The University has conferred Honorary Degrees on various personages eminent in the national life of India, very befittingly beginning with its illustrious founder upon whom it conferred the unique Honorary Degree of Sultan-ul-Uloom, or the ‘Prince of Learning’.

A plot of ground 1400 acres in area had been acquired about miles from the heart of the capital, and had been surveyed by engineers deputed by the Public Works Department. Plans have been made for erecting large, spacious, handsome structures to serve as administration buildings, lecture-halls, laboratories, hostels for residential students and quarters for Professors.  Syed Ali Raza and Zainuddin Hussain Khan were the engineers who were sent to Europe and America to inspect the university buildings in those countries and give a detail report. Mr. Ernest Jaspar of Belgium was appointed as Architect by the H.E.H.’s Govt for University building. He was recommended as the best for Sarcenic Architecture and had designed may Sarcenic buildings in Cairo. The cost estimated for the construction was Rs.10, 000,000, which the Government was prepared to spend to raise a unique University town, which attract students from all parts of the country.
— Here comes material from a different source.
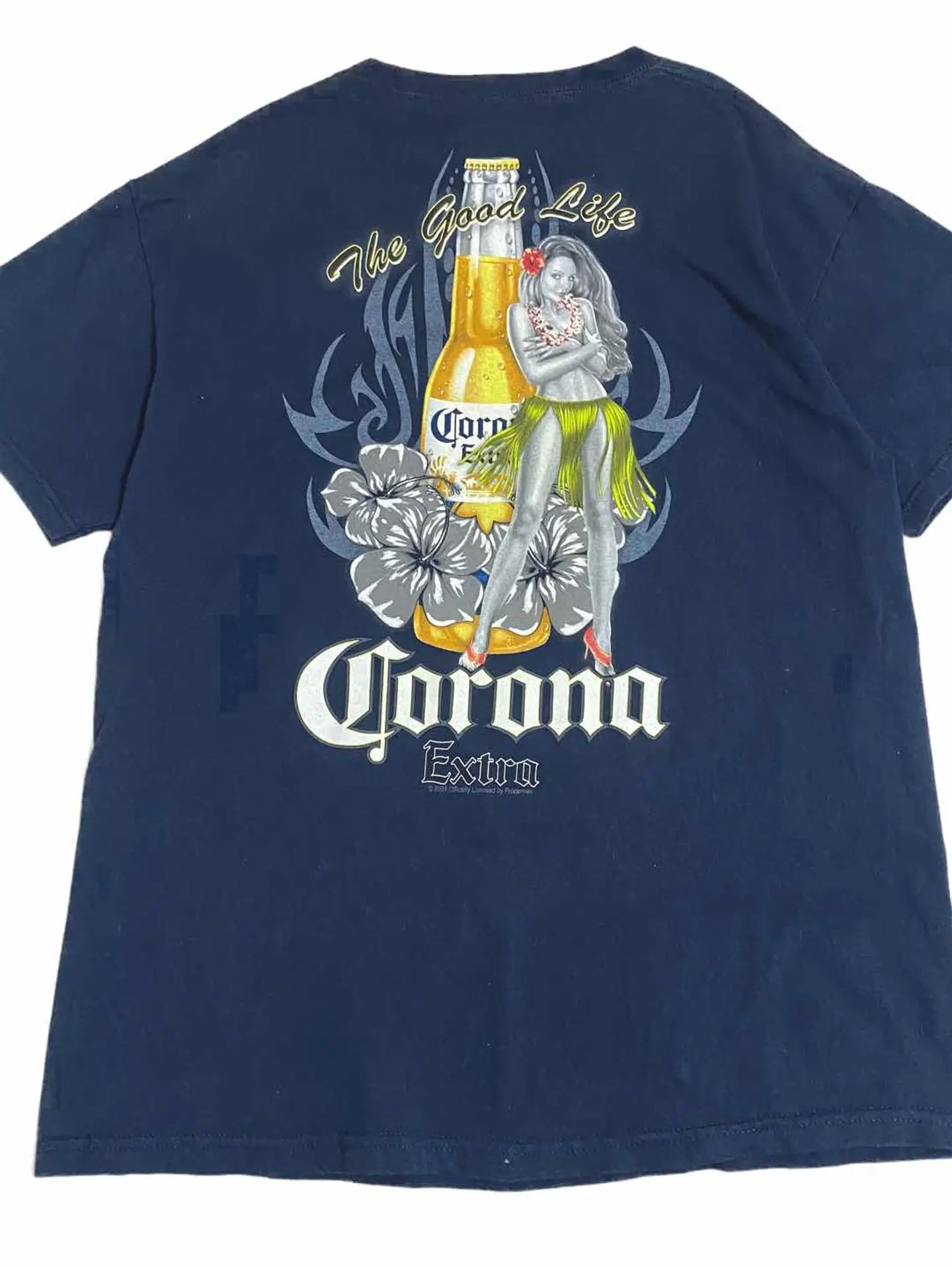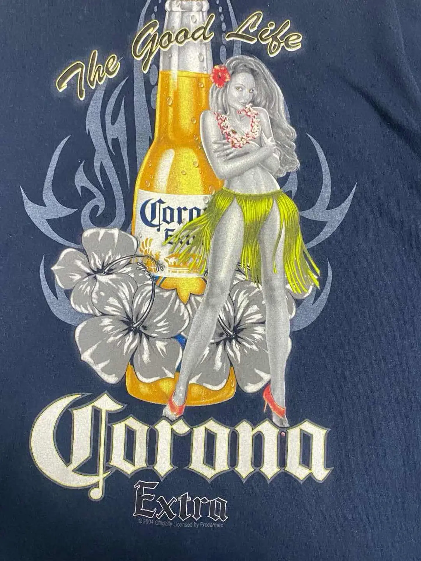 '04 Corona Extra バックプリントtシャツ ネイビー Lサイズ

The magnificent building of Arts College building was completed in the year 1939. The first of the buildings of the University Town was inaugurated by H.E.H. The Nizam, who had laid its foundation stone. He said on the August occasion “I regard the Osmania University as marking a great achievement of my period of rule; and this building, which is beauty of design, magnificence and splendor, has not a rival in India, will be a glorious monument to it. Like Urdu, the Architecture of this building represents a blending of the Hindu and Muslim styles and the art and culture of both these races are reflected in the pillars, traceries and carvings on the doors and walls. Thus, this building symbolizes the close contacts and friendly relations subsisting for centuries between the various classes of my subjects, as a result of which the people of my State have always in the past lived in harmony with one another. I therefore deem it my duty, and an expression of my love for my people to maintain those relations between them. The Osmania University should not only be the repository of Hyderabad’s best traditions, a model of its high culture; it should also aim at broad mindedness and mutual toleration and unity among the students, for in that ideal lies the well-being and the prosperity of the State.”
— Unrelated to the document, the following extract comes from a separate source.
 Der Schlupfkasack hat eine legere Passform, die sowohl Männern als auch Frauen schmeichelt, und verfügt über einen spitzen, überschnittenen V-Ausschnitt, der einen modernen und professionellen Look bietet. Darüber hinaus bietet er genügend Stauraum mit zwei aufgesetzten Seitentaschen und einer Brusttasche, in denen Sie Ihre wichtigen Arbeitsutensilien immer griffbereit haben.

Notable alumni of Osmania University include the 9th Prime Minister of India P.V. Narsimha Rao, Our honourable first Chief Minister of Telangana K.Chandra Shekhar Rao, 16th and last Chief Minister of United Andhra Pradesh and Telangana N.Kiran Kumar Reddy, Asaduddin Owaisi member of Parliament from Hyderabad, Keshav Rao Sonawane Co-operative minister of Maharashtra State, current CEO Adobe systems Shantanu Narayen and senior advocate Subodh Markandeya. Ravi V. Bellamkonda, a distinguished biomedical engineer, president of American Insititute for Meical and Biological Engineering, and dean of Pratt School of Engineering at Duke University. Mohammed AzharUddin former captain Indian cricket team, cricket commentator Harsha Bhogle , former Union Home Minister Shivraj  Patil, former Governor of the Reserve Bank of India Yaga Venugopal Reddy, Rakesh Sharma cosmonaut, and the first Indian to travel in space, metallurgist and former Vice-Chancellor of Banaras Hindu University Patcha Ramchandra Rao, and many more.

The University Library founded in the year 1918 along with the University is a knowledge hub with more than 500,000 books and journals and more than 6000 manuscripts.